担当者は初めての事ばかりという状況でもあるので、お客様と慎重に合意をしながら丁寧に進めます。
真面目な担当者であれば、自分のお客様だからサービスしちゃおうと、責任を持って高いクオリティでサービスを提供します。
ただ、それが組織から見るとオーバーサービスになるかもしれません。
そして多くのお客様にサービスを提供するようになると、万が一、スキルが低い担当者になった場合は、他のお客様に対するサービスに比べて適正なサービスレベルで提供出来ていないかもしれません。
そのような流れを経て、サービスを多くのお客様に提供し、組織が巨大化した時に2. の方法に移ります。
まず、各々の役割分担を定義して業務を進めます。
教育の際も全ての業務に精通する必要が無いので、教育のコストも以前より掛かりません。
場合によって、その分野に関しては、とてもレベルが高い担当者を養成出来ます。
しかし、問題が起こります。
役割分担を定義しても、残念ながら抜け落ちる業務が出てきます。
もちろんそこは定義したものを修正していくしかないのですが、人に依存していた業務が抜け落ちます。例えば、
- 過去にベテラン・熟練の担当者が良かれと思ってやっていた業務
- あるお客様に対して特殊で実施していた業務
です。
これらを、どの部門で実施するかの擦り付け合いが発生します。
場合によって「これまではオーバーサービスだった、本来やるべきではないサービスである」という判断が下された時、お客様には今後は実施しないと断らなければいけません。
お客様からはサービスレベルが下がったと思われてしまいます。
また、2. になると担当者も一連の業務全体を把握出来なくなるため、業務全体に対する影響が判断出来なくなります。
1. の時は担当者があらゆる事を応えられますが、2. になると、いくら真面目な担当者でも「そこは私の担当ではないのでわかりません。
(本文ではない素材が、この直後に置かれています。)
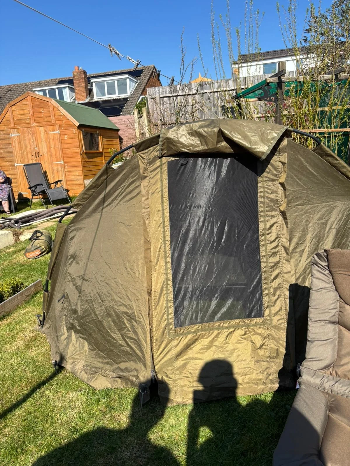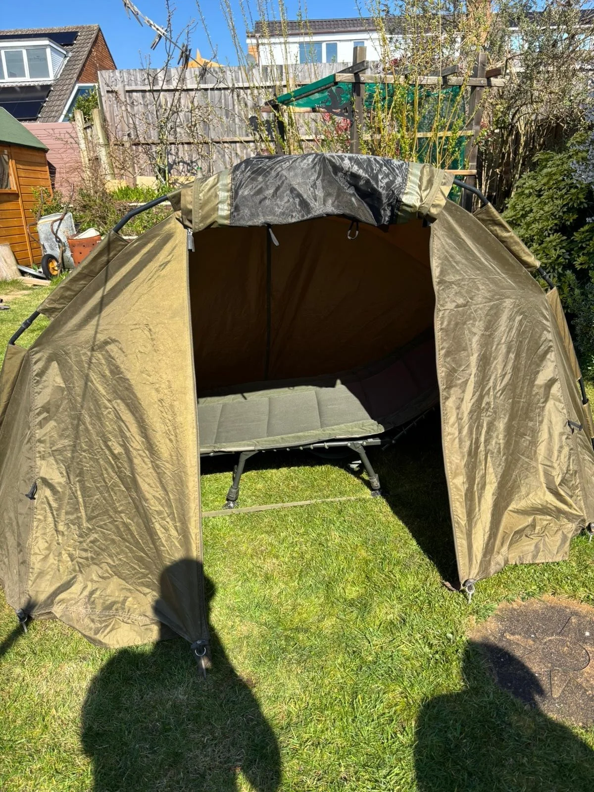 The Advanta Protector MZ Fishing Bivvy 1 Man is a high-quality, lightweight bivvy designed for one person. Made from durable polyester material, this bivvy features a waterproof design and a mesh screen for ventilation. It also includes a carrying case for easy transportation, making it perfect for anglers looking for a reliable shelter while out fishing. The green colour adds a natural touch to the overall design, making it blend in with the surroundings. The bivvy has been used many times and is still in very good condition with no holes or anything. Comes with all pegs but no groundsheet. selling due to upgrading to a bigger bivvy.

その分野の担当者にご確認下さい。」と答えるようになります。
お客様から見ても、1. の時は決まった担当者に何かあれば連絡すれば良いのですが、2. になると、この件は誰に連絡しなければいけないのか、迷うようになります。
代表電話に電話しても、実際に担当してくれる人に辿り着くまで時間が掛かります。
そして本題。
トラブルが起こった時に、それが顕著に出てしまいます。
1. の時は、トラブルが起こったら是が非でも自分が解決をしなければいけないという状況になり、その担当者にとっても最優先の課題になり解決に向かいます。
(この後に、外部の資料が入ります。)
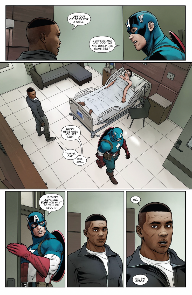 En hombre de hierro #22, escrito por Christopher Cantwell con arte de Angel Unzueta, una pelea entre Iron Man y Titanium Man deja a Tony postrado en cama, pero recuperándose, después de una dosis casi fatal del Compuesto 13. El Capitán América visita a Tony Stark en el hospital y le ofrece a War Machine una lugar en los Vengadores para ocupar el papel de Iron Man hasta que se recupere. Cuando Rhodes se niega, las sospechas del Capitán América surgen de inmediato. “Jim… ¿hay algo más que quieras contarme?” Rhodes simplemente responde “No. No, estoy bien” y el Capitán América sale de la habitación del hospital sin decir una palabra más.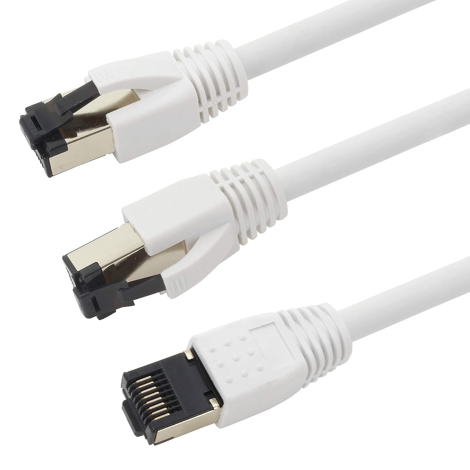 - ✅ CAT 8 NETZWERKKABEL: Für alle Internet, Glasfaser Geschwindigkeiten geeignet. Fertig konfiguriertes Kabel mit 2 x RJ 45 Stecker.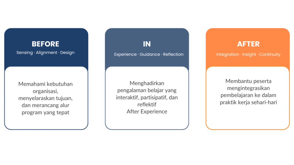 Pendekatan kami tidak hanya berfokus pada solusi jangka pendek, tetapi juga memastikan setiap program selaras dengan arah bisnis dan dinamika organisasi.

万が一、その担当者が時間の都合上で対応出来なくても、上司や組織が軸になって解決していきます。
2. の時に、場合によって最悪な事が起こります。
「それ、うちの部門の責任じゃないでしょ? 他でやってよ。」
「うちの部門、人は余ってるけど、その分野を解決出来る人、いないんだよね。」
「次のフェーズからは、うちの部門で対応できるけど、前のフェーズの対応は他で出来ませんか?」
「今、うちの部門、新サービスの立ち上げで手が回らないから、トラブル対応どころじゃないんだよ。」
「今日はトラブルが多発し過ぎていて、うちの部門のリソースが全く無いんですよ。」
(これは、本当に最悪な時です。毎回こんな事が起こっていたら本当に最悪な組織です。)
・・・誰もが無責任になっています。
トラブルが起こった時は、場合によってはチャンスでもあるのに、責任の擦り付け合いになってしまい、解決に向かわなくなります。
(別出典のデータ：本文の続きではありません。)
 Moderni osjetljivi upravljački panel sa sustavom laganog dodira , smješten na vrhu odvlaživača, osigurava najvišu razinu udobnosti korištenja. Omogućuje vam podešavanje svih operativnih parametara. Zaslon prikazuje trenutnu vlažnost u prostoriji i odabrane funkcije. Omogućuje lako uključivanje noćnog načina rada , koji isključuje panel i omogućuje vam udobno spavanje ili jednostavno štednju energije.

全員が不真面目になっている訳では無く、自分の業務を真面目に遂行しようとしているのですが、本来最優先にしなければいけない事に対して、無責任になっています。
こういう事って、色々な場面でも想定できると思います。
トラブルの解決時だけでなく、トラブルの発生原因を辿っていったら、放置されている問題があって、誰も責任を持とうとしていなかったなど。
何かうまく行っていない時は、みんなが無責任になっているんではないか?、と疑ってみてもいいかもしれません。
じゃあ、2. で失敗したら、1. に戻した方がいいのではという意見も出るかもしれませんが、それは違います。
大きな組織で大量の顧客の対応をしていくのに1. の方法はコストが掛かり過ぎます。
なので、いかに全員が無責任にならないかを考えなければいけないのですが、その答えは簡単に出ませんね。。。
最初に小さな規模で始めたビジネスが大規模なビジネスになると難しいなという事を振り返って書いてみました。